* _Activity_
Reproduce only the lines of the material below that start at the line containing "U-20 대표팀 정민영이 국가 대표팀 여민지, 이민아와 공중볼을 다투고 있다." and stop at the line containing "24直播網10月07日訊 根". Keep both end lines.

* _Input records_
====
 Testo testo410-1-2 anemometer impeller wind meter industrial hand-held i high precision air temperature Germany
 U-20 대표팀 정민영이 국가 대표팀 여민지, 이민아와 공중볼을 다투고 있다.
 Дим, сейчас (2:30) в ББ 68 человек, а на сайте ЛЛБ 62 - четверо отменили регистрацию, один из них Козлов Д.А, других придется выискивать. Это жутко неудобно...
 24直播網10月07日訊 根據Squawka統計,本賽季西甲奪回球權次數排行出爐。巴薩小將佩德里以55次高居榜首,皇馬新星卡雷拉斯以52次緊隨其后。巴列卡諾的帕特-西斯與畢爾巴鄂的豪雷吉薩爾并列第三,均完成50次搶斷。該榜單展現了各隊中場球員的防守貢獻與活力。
====
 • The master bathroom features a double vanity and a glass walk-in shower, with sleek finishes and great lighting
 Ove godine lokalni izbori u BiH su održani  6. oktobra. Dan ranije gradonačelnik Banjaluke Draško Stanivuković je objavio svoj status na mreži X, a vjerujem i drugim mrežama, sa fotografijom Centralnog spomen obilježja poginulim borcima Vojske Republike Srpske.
====
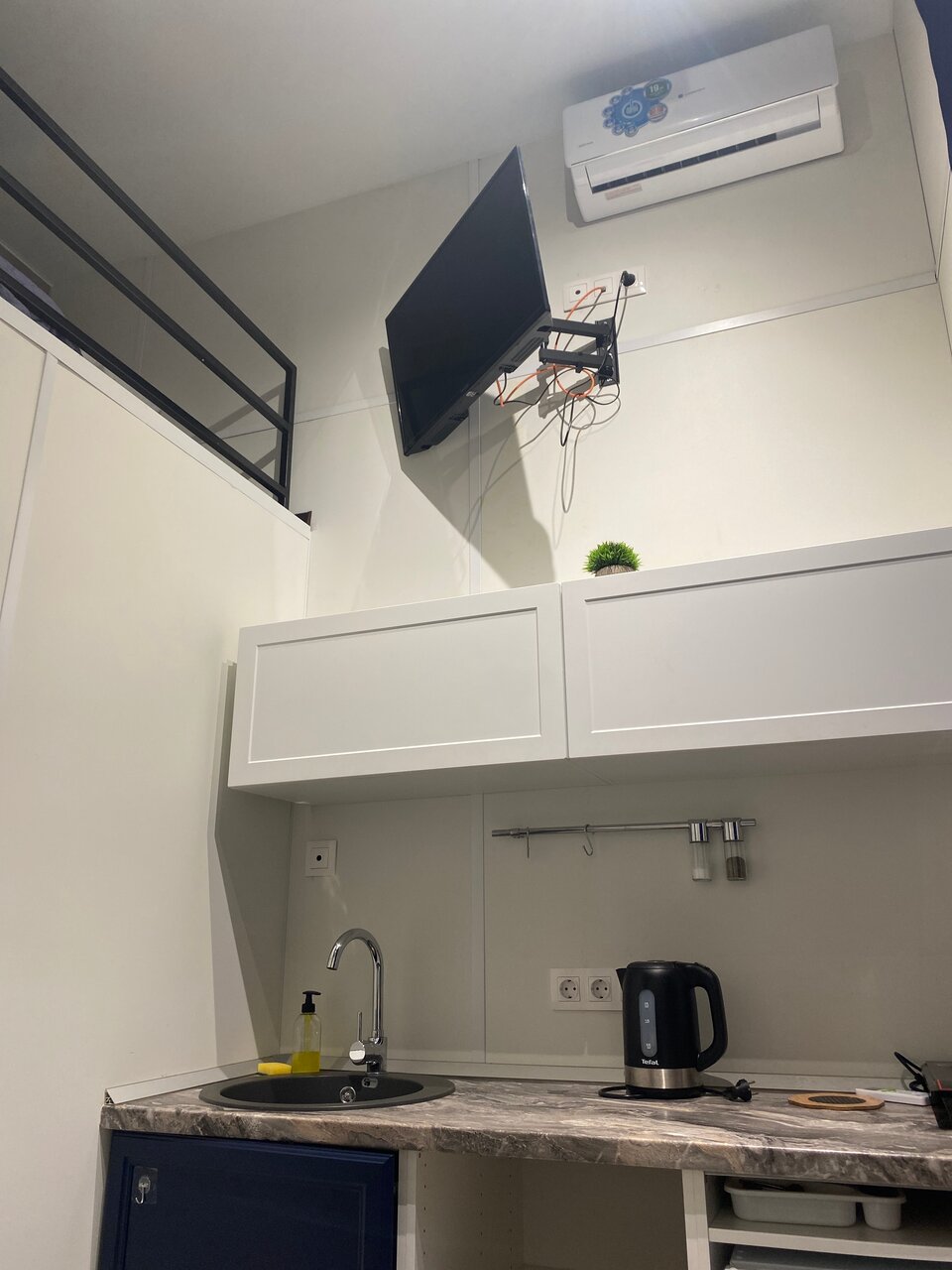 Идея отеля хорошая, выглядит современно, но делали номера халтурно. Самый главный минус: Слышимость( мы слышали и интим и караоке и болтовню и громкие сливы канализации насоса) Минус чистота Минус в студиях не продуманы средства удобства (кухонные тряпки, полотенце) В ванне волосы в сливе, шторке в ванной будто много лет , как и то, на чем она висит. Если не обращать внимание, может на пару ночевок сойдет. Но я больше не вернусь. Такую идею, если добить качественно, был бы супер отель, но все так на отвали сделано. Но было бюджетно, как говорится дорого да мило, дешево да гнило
====
* _Solution_
 U-20 대표팀 정민영이 국가 대표팀 여민지, 이민아와 공중볼을 다투고 있다.
 Дим, сейчас (2:30) в ББ 68 человек, а на сайте ЛЛБ 62 - четверо отменили регистрацию, один из них Козлов Д.А, других придется выискивать. Это жутко неудобно...
 24直播網10月07日訊 根據Squawka統計,本賽季西甲奪回球權次數排行出爐。巴薩小將佩德里以55次高居榜首,皇馬新星卡雷拉斯以52次緊隨其后。巴列卡諾的帕特-西斯與畢爾巴鄂的豪雷吉薩爾并列第三,均完成50次搶斷。該榜單展現了各隊中場球員的防守貢獻與活力。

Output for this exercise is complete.